The President of Colombia, Gustavo Petro, and the Attorney General of the Nation, Francisco Barbosa, staged a new public confrontation on Friday, as a result of the accusations launched by the Head of State against a regional prosecutor for alleged ties to criminals.
The attorney general reacted to the criticism against the judicial server and the discussion with the president escalated. Petro addressed Barbosa from Spain on Friday: “The Prosecutor forgets one thing that the constitution orders: I am the head of state, therefore his head.”
The statement generated a quick response from the head of the Prosecutor’s Office, who accused Petro of approaching a dictatorial regime. “What Gustavo Petro has just done is to say that he is not the President of the Republic but a dictator in Colombia,” said Barbosa, who alleged that the statement affects the rule of law and is disrespectful of the independence of powers in the country. .
Added to this questioning was a pronouncement on Friday by the president of the Supreme Court of Justice, magistrate Fernando Castillo, also rejecting President Petro’s statement.
The Court pointed out to President Petro that he was making a wrong interpretation of the Colombian political constitution and considered that he is ignoring “the autonomy and judicial independence that is the founding clause of Colombian democracy.”
In mid-afternoon on Friday, Barbosa announced that he will take his family out of the country for security reasons. The official says that President Gustavo Petro’s statements put him at risk.

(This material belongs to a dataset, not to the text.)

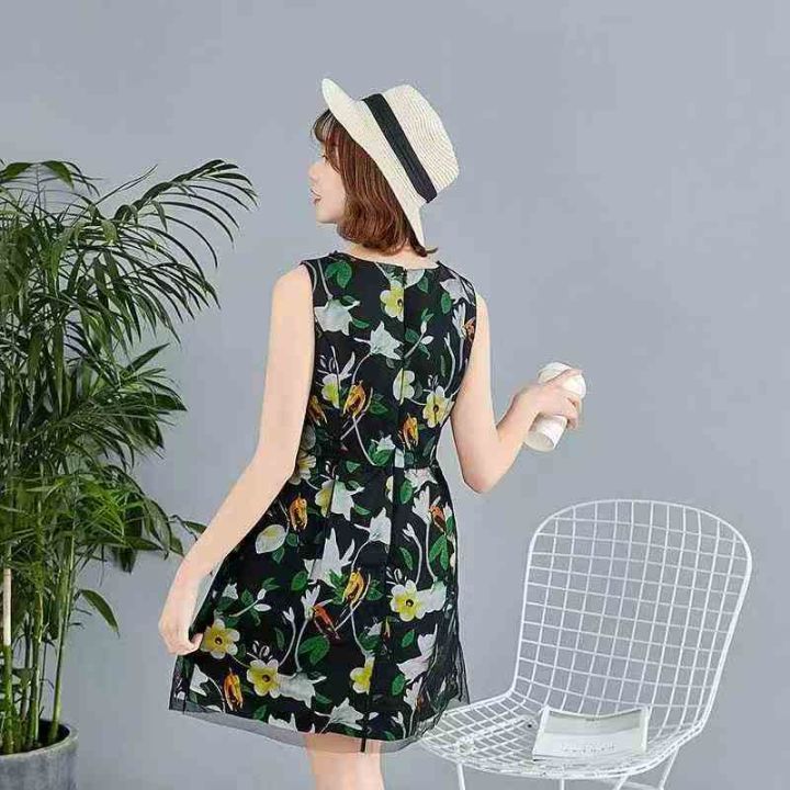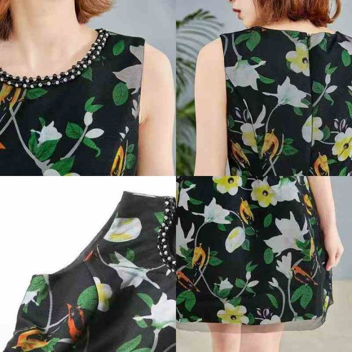 新款时尚显瘦圆领裙子钉珠气质收腰无袖网纱连衣裙2024...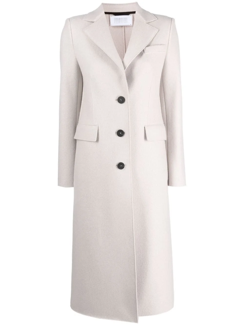 single-breasted virgin wool coat Highlights - Cream white - Virgin wool - Peak lapels - Front button fastening - Chest welt pocket - Two front flap pockets - Long sleeves - American rear vent - Straight hem - Mid-length Made in Italy Composition Virgin Wool 100% SIZE & FIT Model measurements Height 5 ft 10 in(1.78 m) Bust/Chest 31.49 in(80 cm) Hips 36.22 in(92 cm) Waist 25.59 in(65 cm) FittingInformation Designed for a slim fit that sits just away from the body offering a close yet comfortable fit The internal shoulder pads offer a structured shape Made from a midweight non-stretch fabric This piece fits true to size – take your usual size

“I hold Gustavo Petro responsible for what could happen to me or my family, or that they could assassinate me in Colombia after these statements,” said the prosecutor, considering that “there will certainly be consequences” if he decides not to obey the president. Petro, who this morning said he was his boss.

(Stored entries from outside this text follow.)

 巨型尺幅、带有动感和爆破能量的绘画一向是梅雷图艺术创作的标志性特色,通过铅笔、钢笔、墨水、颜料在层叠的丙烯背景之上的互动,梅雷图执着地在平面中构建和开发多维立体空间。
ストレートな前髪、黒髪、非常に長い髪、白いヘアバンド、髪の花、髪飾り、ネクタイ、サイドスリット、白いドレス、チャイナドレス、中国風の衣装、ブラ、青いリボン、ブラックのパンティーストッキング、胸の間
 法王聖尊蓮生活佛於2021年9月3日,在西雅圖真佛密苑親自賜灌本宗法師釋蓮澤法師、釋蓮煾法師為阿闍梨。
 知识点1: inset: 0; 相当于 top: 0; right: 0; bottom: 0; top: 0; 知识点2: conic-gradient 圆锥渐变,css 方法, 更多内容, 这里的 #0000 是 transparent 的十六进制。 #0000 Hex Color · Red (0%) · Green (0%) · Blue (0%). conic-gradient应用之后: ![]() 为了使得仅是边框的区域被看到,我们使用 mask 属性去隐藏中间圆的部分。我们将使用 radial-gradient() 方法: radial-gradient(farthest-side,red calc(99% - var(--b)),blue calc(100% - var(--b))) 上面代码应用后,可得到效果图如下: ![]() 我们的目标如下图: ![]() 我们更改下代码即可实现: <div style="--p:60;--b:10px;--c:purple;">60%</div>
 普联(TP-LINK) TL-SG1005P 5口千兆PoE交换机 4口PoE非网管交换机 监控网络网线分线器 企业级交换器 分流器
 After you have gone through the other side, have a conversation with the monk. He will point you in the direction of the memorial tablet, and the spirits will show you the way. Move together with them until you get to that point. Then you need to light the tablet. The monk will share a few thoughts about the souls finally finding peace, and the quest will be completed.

President Petro responded via a long message on Twitter that the attorney general is disrespecting him and that he, as Head of State, has the right to ask about investigations and complaints that constitute a violation of International Humanitarian Law.
This new episode began with a tweet from President Petro, citing an article written by journalist Gonzalo Guillén, in which he mentioned that prosecutor Daniel Hernández would have “covered up” the murder of some 200 people at the hands of the criminal gang “Clan del Golfo”. ” on the north coast of Colombia.
The article states that the prosecutor Hernández would have received the lists of the people who were going to be executed and that the official waited for those homicides to take place and then protected the murderers. President Petro asked to investigate this information, considering it “very serious” and wrote a message on Twitter accompanied by a photograph in which the judicial official appeared with his 13-year-old son.
“The President of the Republic set the trill and accompanied the publication in which the youngest son of prosecutor Hernández is,” denounced Prosecutor Barbosa, who considers that in this way he placed “a tombstone on judicial officials.” In addition, he held the president responsible for what may happen to prosecutor Hernández and his family.
Barbosa also commented that prosecutor Hernández is a victim of the La Rochela massacre, committed by paramilitaries in 1989 and that “to tell a victim recognized by a sentence of the Inter-American Court of Human Rights that he is a defender of the paramilitaries is a very serious accusation”.
Prosecutor Barbosa and President Petro had already had other disagreements. The most remembered has to do with the harsh criticism launched at the time by the head of the prosecution body against President Petro’s “total peace” plan for the benefits that were proposed for criminals.
Barbosa took office in the Prosecutor’s Office in February 2020. He was elected by the Supreme Court of Justice, one of the high constitutional courts, from a shortlist presented by the then president of Colombia, Iván Duque. Before becoming attorney general, he had been a right-leaning government official at the time.
The clash of powers occurred one day after the Colombian justice had annulled the election of the president of Congress, Senator Roy Barreras, due to double political militancy. Barreras is considered a strategic bishop of the Gustavo Petro government in the Legislature and, if the decision is final after appeals, in the course of the next few weeks he would have to leave office in Congress.